Pieterse Eyes Cobbled Glory: Flanders Podium Fuels Paris-Roubaix Femmes Ambitions for Cyclo-Cross Queen

Puck Pieterse finished third at the Tour of Flanders Women on Sunday and immediately turned her attention to Paris-Roubaix Femmes, where her exceptional bike-handling skills and raw power could make her the most dangerous outsider in a field that also includes Lotte Kopecky and Pauline Ferrand-Prévot. The 23-year-old Dutchwoman's trajectory from cyclo-cross prodigy to Monument contender has been one of the stories of the 2026 spring.

At Flanders, Pieterse produced one of the rides of the day. She dropped Ferrand-Prévot on the Paterberg with a savage acceleration that briefly looked like it might carry her into second place, before the Frenchwoman fought back on the run-in to Oudenaarde. Only Demi Vollering, who was already 42 seconds up the road after her devastating Kwaremont attack, was stronger. For Pieterse, a first Monument podium confirmed what many had suspected: her transition to road racing is no longer a side project — it is the main event.

The cobbles of northern France should suit Pieterse even better than the bergs of Flanders. Her cyclo-cross background — she is a former world champion and has won multiple World Cup rounds — gives her an almost preternatural ability to read rough surfaces, hold her line through chaos, and accelerate out of corners at speeds that leave pure road riders floundering. At Paris-Roubaix Femmes, where the race is often decided by who can stay upright and conserve energy across the most brutal sectors, those skills are worth more than raw watts alone.

Pieterse rides for Fenix-Deceuninck, a team that understands cobbled racing at a molecular level. The squad built around Mathieu van der Poel on the men's side has cultivated an institutional expertise in navigating the pavé, and that knowledge filters through to their women's programme. Pieterse will have the benefit of detailed reconnaissance data, tactical support, and a team structure that treats cobbled Monuments as the pinnacle of the racing calendar.

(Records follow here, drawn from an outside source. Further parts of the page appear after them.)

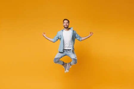 Smiling young bearded man in casual blue shirt posing isolated on yellow orange wall background. People lifestyle concept. Mock up copy space. Jumping hold hands in yoga gesture, relaxing meditating.
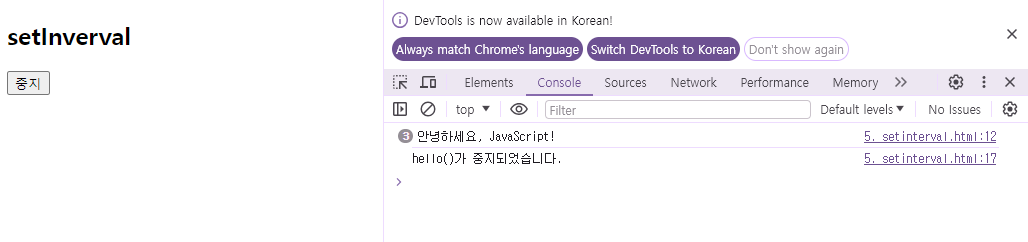 ![]() '1초'마다 실행됨 '중지' 누르면 멈춤 |
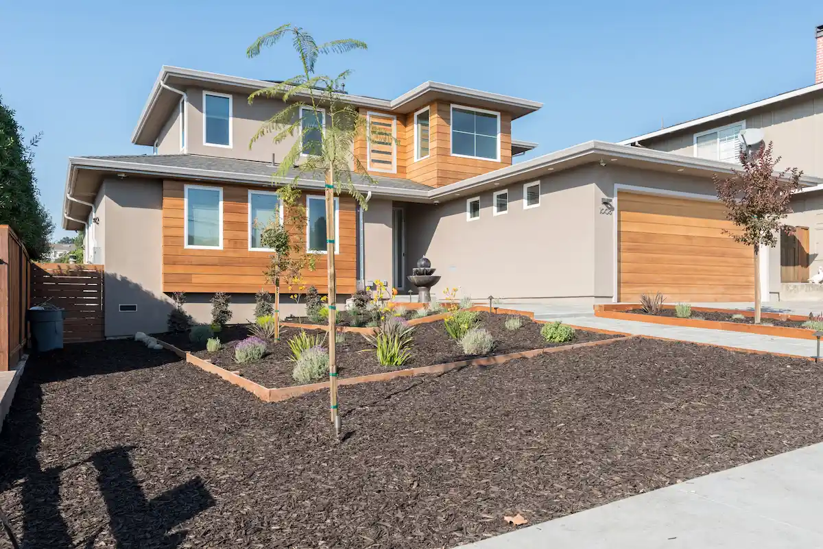 This new build in Belmont stands out with its warm exterior, light wood accents, and inviting design. Inside, the open kitchen and dining area boast a spacious island with seating for four, while the backyard features a large patio, deck, and lush lawn—perfect for relaxing or entertaining.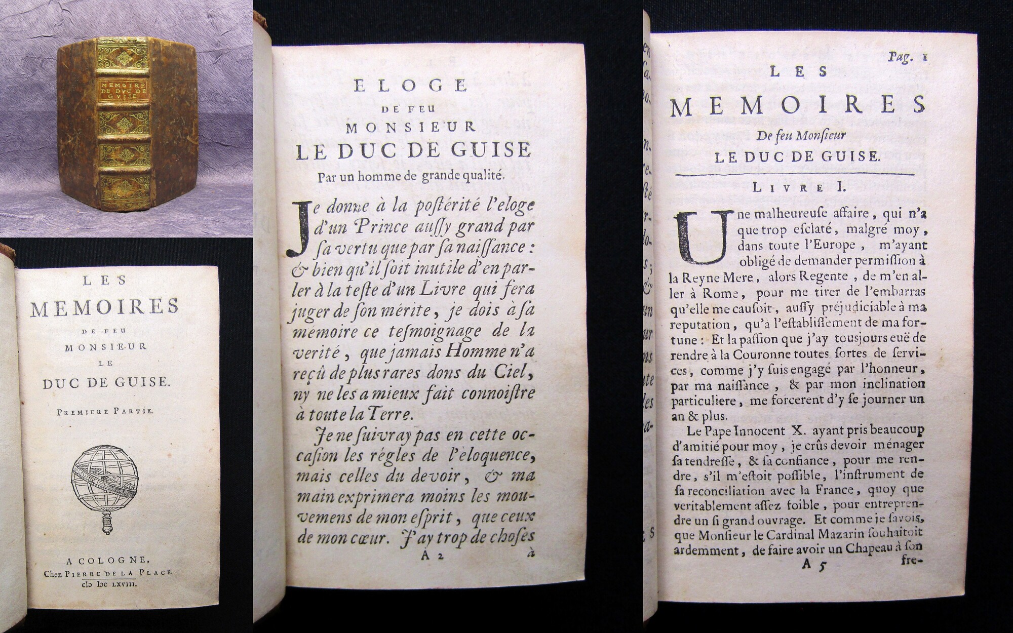 [Lussan, Marguerite de]. Vie de Louis Balbe-Berton de Crillon, surnommé le Brave: et mémoires des regnes de Henri II, François II, Charles IX, Henri III et Henri IV, pour servir à l'histoire de son temps. 2 Bände. Paris, Pissot, 1757. 8°, 2 Bll., 345 S.; 2 Bll., 307 S., 2 Bll., Ldr. d. Zt. Erste Ausgabe. Einbände etwas berieben, kaum bestoßen, oberes Kapital von Bd. 2 abgegriffen, vorderer Deckel von Bd. 1 mit 2 Wurmspuren. Gelenke von Bd. 2 mit 3 kleinen Wurmlöchlein. Papier altersbedingt minimalst gebräunt. Spiegel von Bd.1 mit altem hs. Kaufvermerk. Gutes, dekoratives Exemplar. Bestell-Nr: 8-3-239..........190,00 € (inkl. MwSt. zzgl. Versand) | ||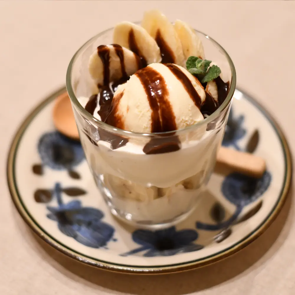 バナナまるごと1本に、無添加バニラアイス、無添加のオーガニックココアソースがかかった、こだわりのチョコバナナパフェ。これぞ王道♥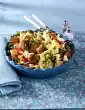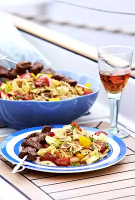 Cook the pasta in boiling salted water according to the instructions on the packet. Quarter the peppers, clean, wash and cut into strips. Halve sausage lengthwise and cut into slices. Peel and clean the cucumber, halve lengthwise and cut into slices. Wash, clean and slice the tomatoes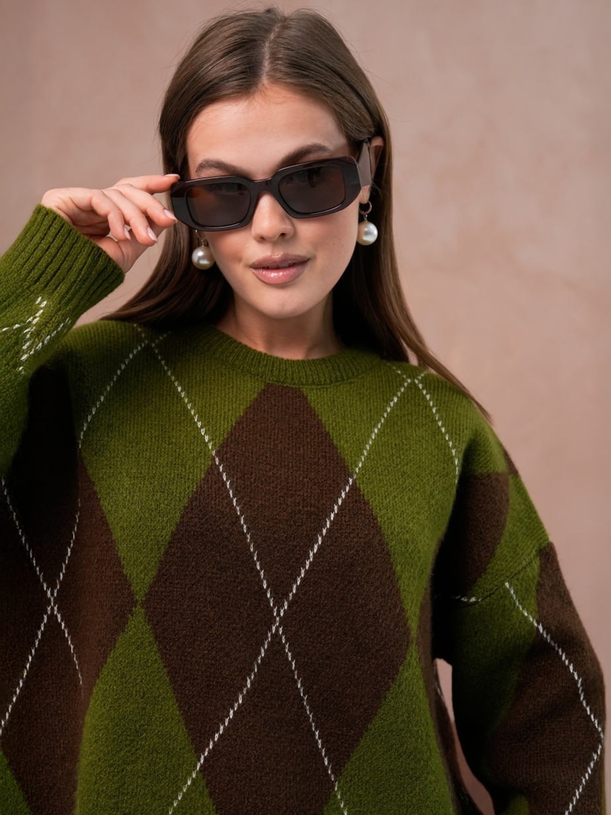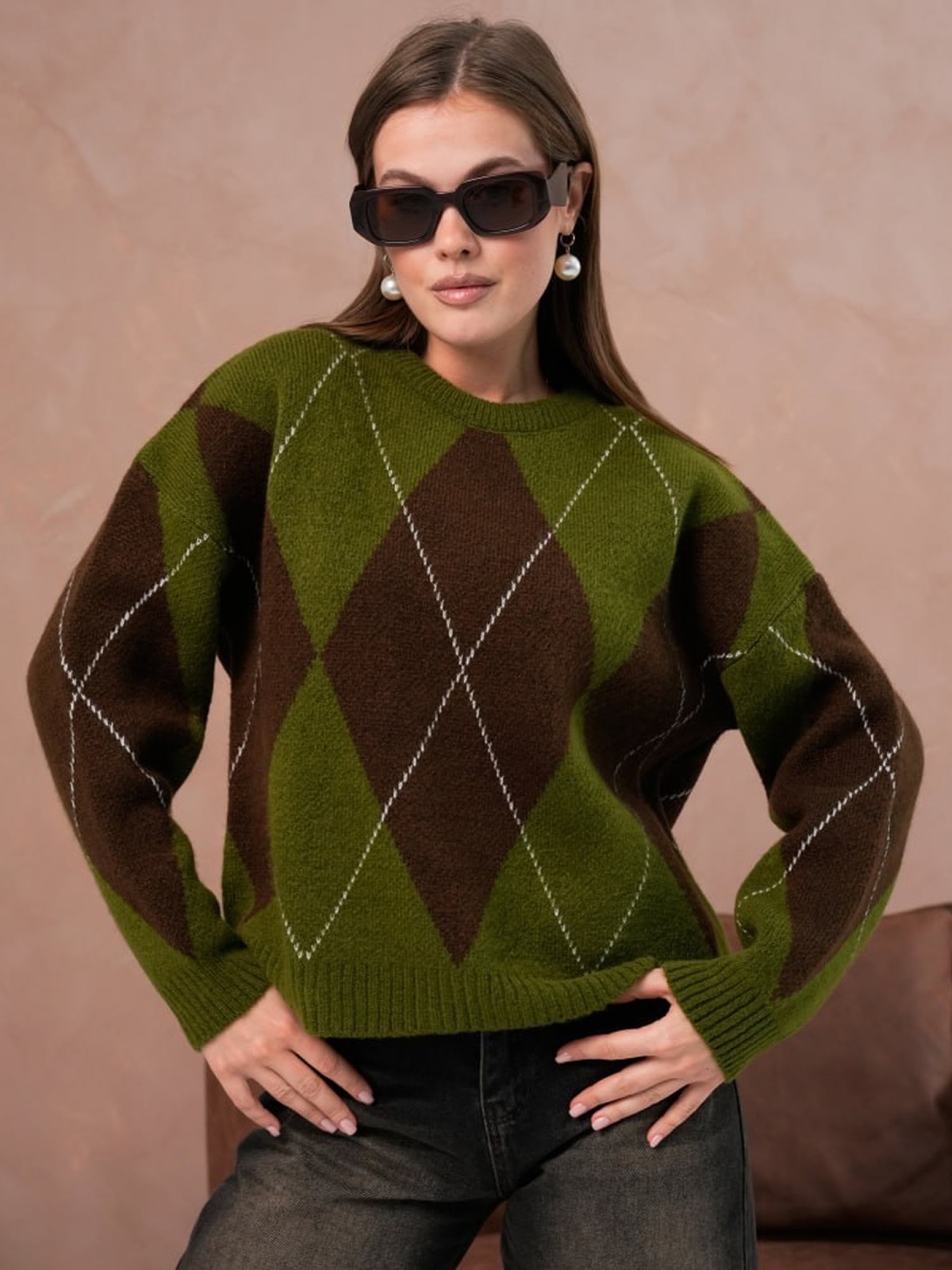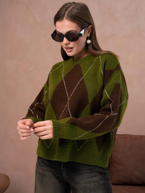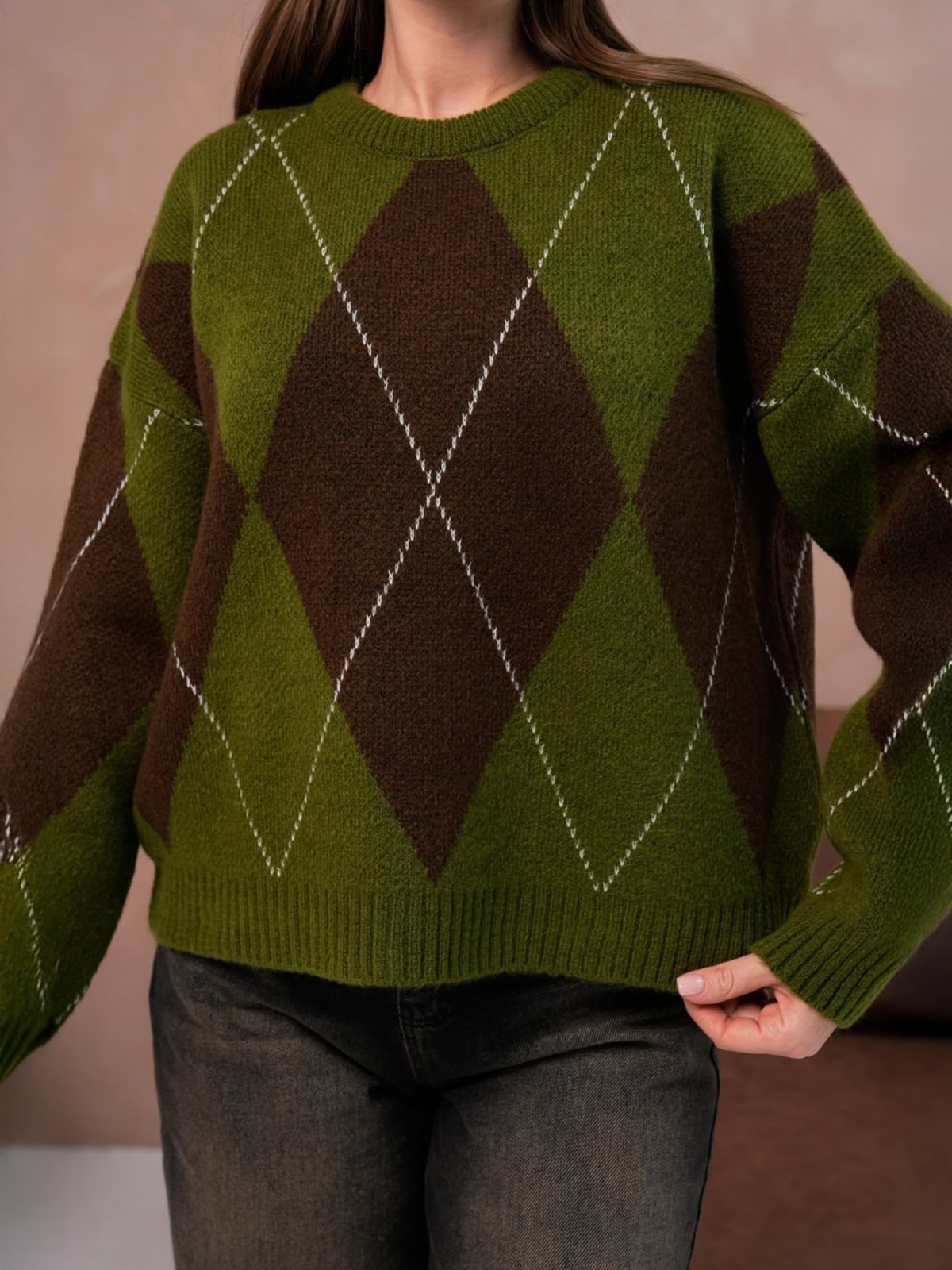 В'язаний джемпер з високоякісного турецького матеріалу з ромбоподібним візерунком. Круглий виріз горловини, манжети і низ виробу виконані гумкою.

The Roubaix Femmes course has been toughened for 2026, with three new cobbled sectors adding to what organisers are calling the hardest edition yet. The additional cobblestones play into Pieterse's hands: more technical sections mean more opportunities for the bike-handlers to gain time over the pure power riders. Sectors like Camphin-en-Pévèle and the Carrefour de l'Arbre, where positioning and composure matter as much as wattage, are precisely the terrain where a cyclo-cross champion can turn a good ride into a great one.

The main challenge for Pieterse will be matching the sustained power of Kopecky and Ferrand-Prévot over 150 kilometres. At Flanders, she faded slightly in the final 10 kilometres after her Paterberg effort, suggesting her endurance engine is not yet quite at the level of the absolute best. But Roubaix is a different kind of race — one where positioning, timing and nerve count for more, and where the finish in the velodrome at Roubaix can reward a rider who arrives fresh rather than the one who has been riding tempo for hours.

With defending champion Ferrand-Prévot looking for back-to-back wins and Kopecky desperate to add a second Roubaix title after her dominant 2024 victory, the women's race on Saturday is shaping up to be a three-way battle. Pieterse may not be the favourite, but she is the rider nobody wants to see on their wheel when the cobbles start to bite.